Data shown —
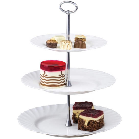 Patera trzy-poziomowa z serii Trianon marki Luminarc. Wykonana jest ze szkła hartowanego. Posiada bardzo wysoką odporność na zadrapania oraz uderzenia. Gładka, nieporowata powierzchnia umożliwia proste i dokładne mycie. Patera to świetny sposób na efektowne podanie ciast, ciasteczek oraz owoców. Doskonale sprawdzi się podczas spotkań w gronie najbliższych i będzie świetnie prezentować się na stole.
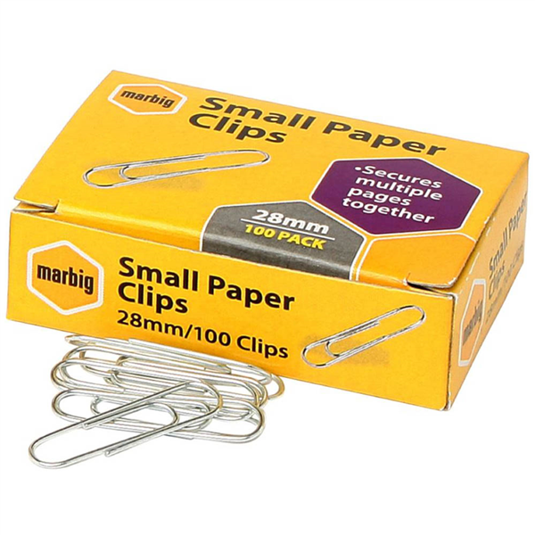 MARBIG PAPER CLIP SMALL 28MM BOX 100
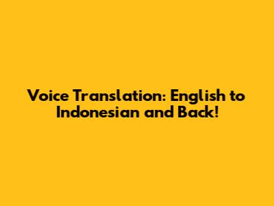 Voice Translation: English To Indonesian And Back!

Exercise description — Give back the material above exactly as written, but omit the images.

Solution to this problem —
 Patera trzy-poziomowa z serii Trianon marki Luminarc. Wykonana jest ze szkła hartowanego. Posiada bardzo wysoką odporność na zadrapania oraz uderzenia. Gładka, nieporowata powierzchnia umożliwia proste i dokładne mycie. Patera to świetny sposób na efektowne podanie ciast, ciasteczek oraz owoców. Doskonale sprawdzi się podczas spotkań w gronie najbliższych i będzie świetnie prezentować się na stole.
 MARBIG PAPER CLIP SMALL 28MM BOX 100
 Voice Translation: English To Indonesian And Back!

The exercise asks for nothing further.